Однако лет двенадцать спустя, в «Дневнике писателя» за 1873 год, Достоевский с других позиций как воинствующий проповедник и как публицист заявляет прямо противоположное, противореча тому, что составляло основополагающую точку зрения в его ранних художественных произведениях. Теперь он утверждает, что те самые крестьяне-преступники, с которыми он встречался в Сибири, в действительности считали себя виновными:
Нет, народ не отрицает преступления и знает, что преступник виновен. Народ знает только, что и сам он виновен вместе с каждым преступником. Но, обвиняя себя, он тем-то и доказывает, что не верит в «среду» [то есть что можно указать на свое окружение как на оправдание совершения преступления. Р. М.]; верит, напротив, что среда зависит вполне от него, от его беспрерывного покаяния и самосовершенствования. <> «Достигнем того, будем лучше, и среда будет лучше». Вот что невысказанно ощущает сильным чувством в своей сокрытой идее о несчастии преступника русский народ. <> Я был в каторге и видал преступников, «решеных» преступников. Повторяю, это была долгая школа. Ни один из них не переставал себя считать преступником. <> О преступлениях своих даже и нельзя было вслух говорить. <> Но, верно говорю, может, ни один из них не миновал долгого душевного страдания внутри себя, самого очищающего и укрепляющего. Я видал их одиноко задумчивых, я видал их в церкви молящихся перед исповедью; прислушивался к отдельным внезапным словам их, к их восклицаниям; помню их лица, о, поверьте, никто из них не считал себя правым в душе своей! [Достоевский 21: 1819][22]
Сам тон этого отрывка радикально отличается от того, что Достоевский писал на данную тему в художественном тексте.
В «Записках» Горянчиков сходным образом описывал поведение крестьян-каторжников в церкви:
Я давно не был в церкви.
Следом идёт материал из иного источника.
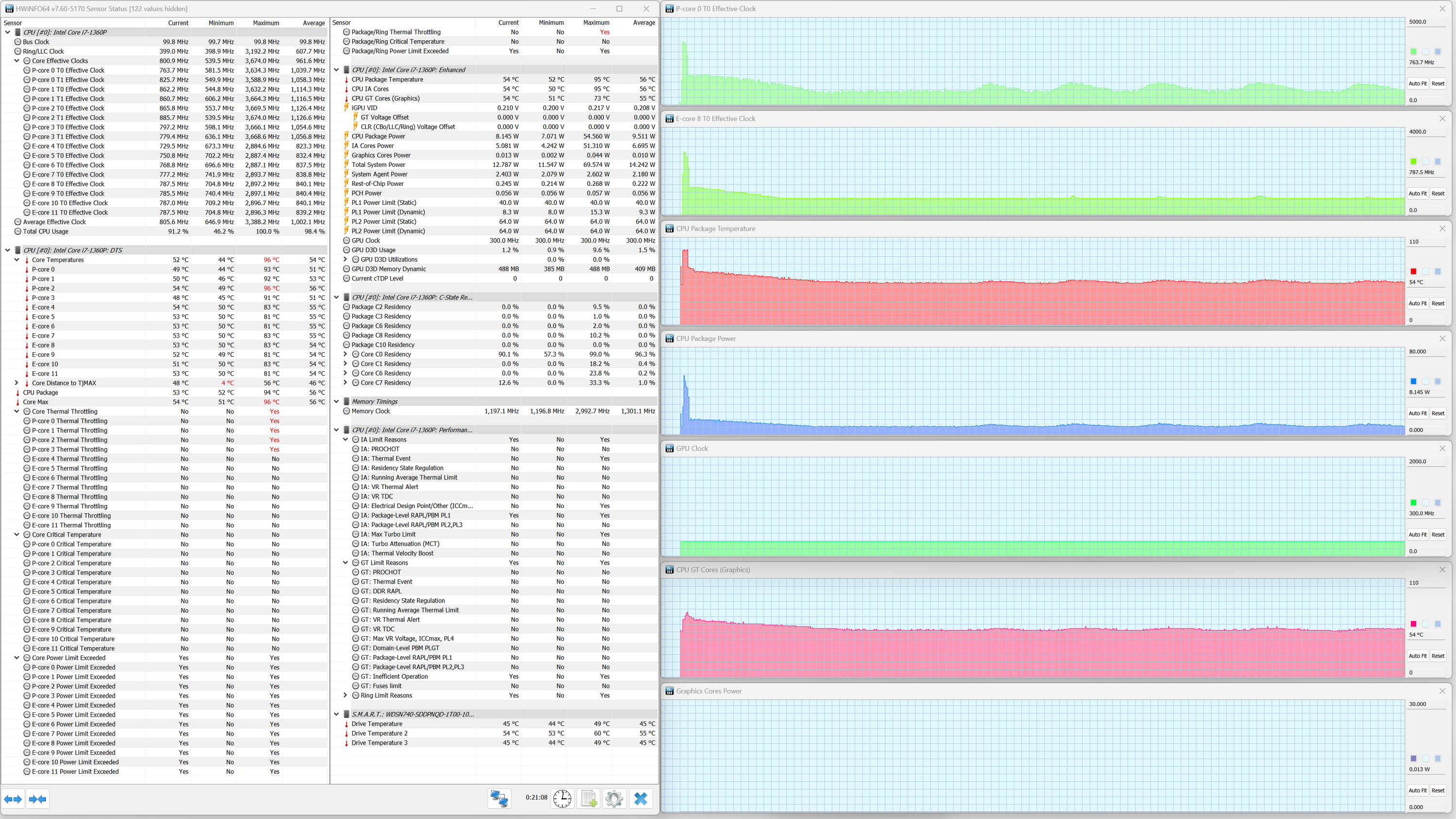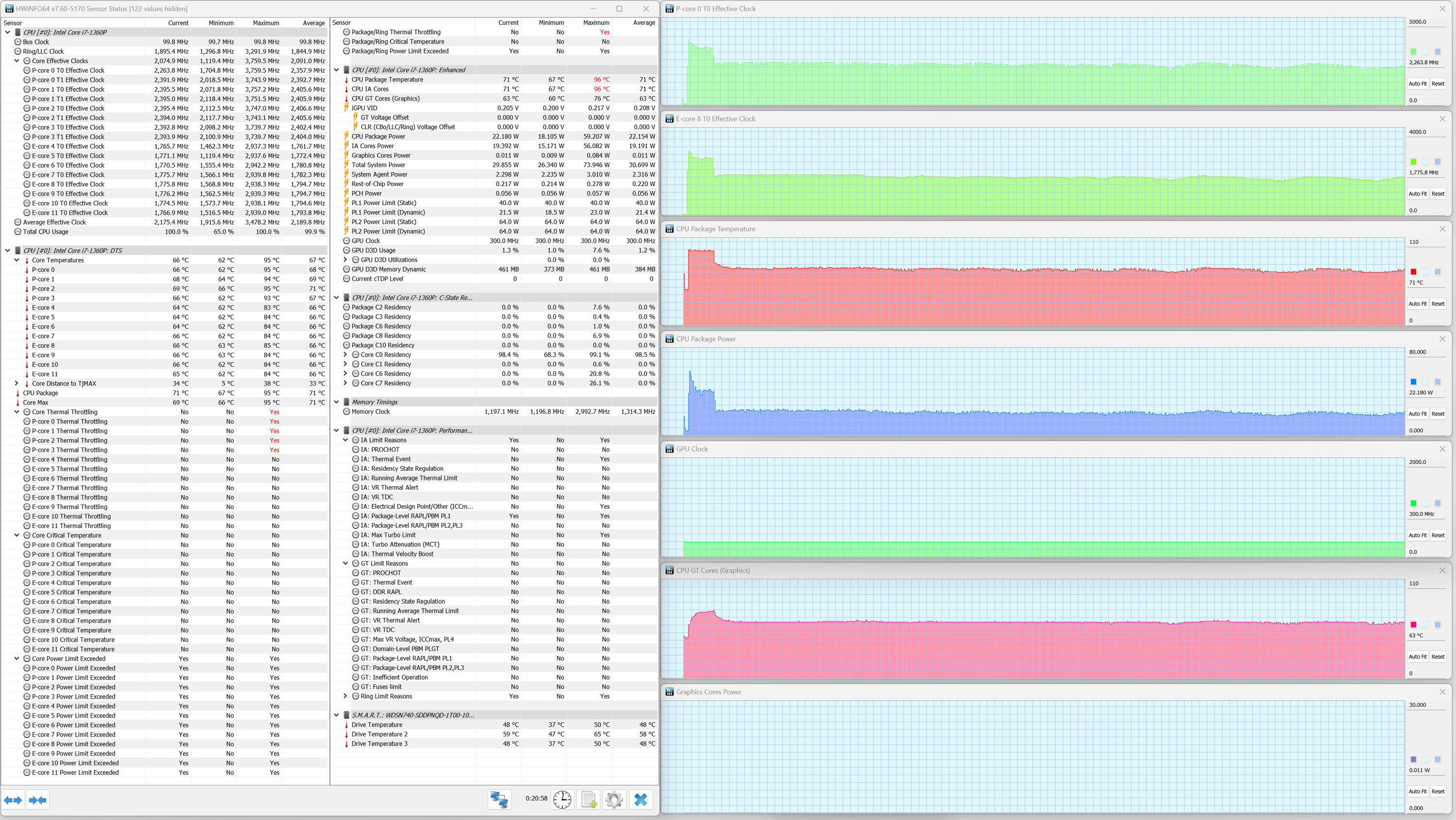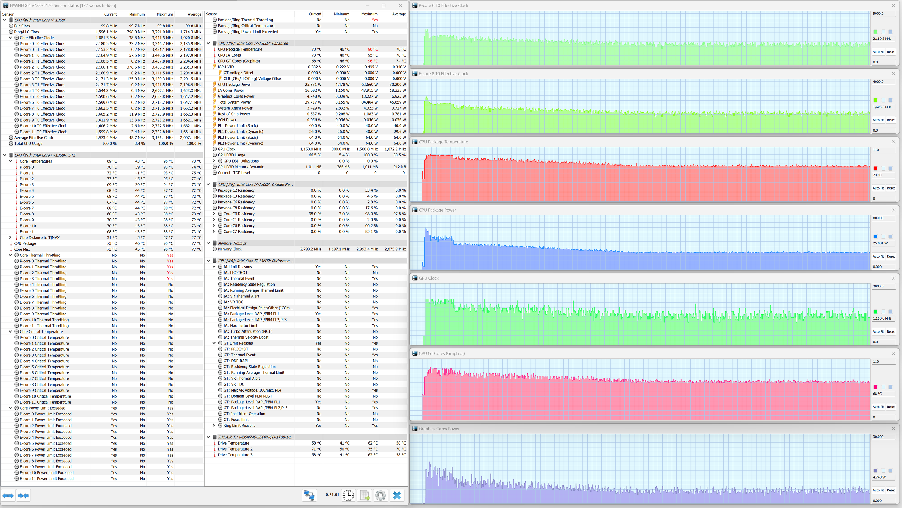 В ноутбуке Samsung Galaxy Book3 Pro установлен мобильный процессор Intel Core i7-1360P. В соответствии с термопакетом, его тепловыделение в стабильном режиме составляет до 28 Вт, а при разгоне — до 64 Вт. Энергоэффективные ядра (E) могут, согласно паспорту, разгоняться до 3,7 ГГц, а высокопроизводительные (P) — до 5 ГГц. Верхняя граница нагрева процессора составляет 100 °C. В ходе испытаний CPU отбирал в пике до 64 Вт, что чуть ниже паспортного значения, а при стабильной работе — до 34 Вт.

Великопостная служба, так знакомая еще с далекого детства, в родительском доме, торжественные молитвы, земные поклоны все это расшевеливало в душе моей далекое-далекое минувшее, напоминало впечатления еще детских лет, и, помню, мне очень приятно было, когда, бывало, утром, по подмерзшей за ночь земле, нас водили под конвоем с заряженными ружьями в божий дом. <> В церкви мы становились тесной кучей у самых дверей, на самом последнем месте, так что слышно было только разве голосистого дьякона <> Я припоминал, как, бывало, еще в детстве, стоя в церкви, смотрел я иногда на простой народ, густо теснившийся у входа <> Там, у входа, казалось мне тогда, и молились-то не так, как у нас, молились смиренно, ревностно, земно и с каким-то полным сознанием своей приниженности. Теперь и мне пришлось стоять на этих же местах, даже и не на этих; мы были закованные и ошельмованные <> помню, мне это было даже как-то приятно, какое-то утонченное, особенное ощущение сказывалось в этом странном удовольствии. «Пусть же, коли так!» думал я [Достоевский 4: 176177][23].
Достоевский-художник прекрасно осознавал силу притчи, ценность косвенного и лишенного назидательности выражения заветных чувств. (Эта мысль мелькнула даже в его исповедальном письме к Фонвизиной, в котором он рассказывал о своем духовном состоянии.) Однако в публицистике писатель отважно приближался к опасной пропасти прямого высказывания, хотя и сам, как мы уже видели в его статье о выставке 1873 года, осознавал рискованность такого тенденциозного подхода. (Нельзя не вспомнить Мышкина в «Идиоте» и его точные слова о том, что, пытаясь прямо выразить идеи, он их унижает. Князь сетует на отсутствие у него чувства меры: «Есть такие идеи, есть высокие идеи, о которых я не должен начинать говорить, потому что я непременно всех насмешу <> У меня нет жеста приличного, чувства меры нет; у меня слова другие, а не соответственные мысли, а это унижение для этих мыслей» [Достоевский 8: 283][24].) Острое осознание Достоевским опасностей, присущих «мессианской» журналистике, его частые предостережения против прямого выражения заветных идей всего этого оказывалось недостаточно, чтобы удержать писателя от того, против чего он сам же предостерегал. Он не мог сопротивляться желанию выразить себя в публицистической форме.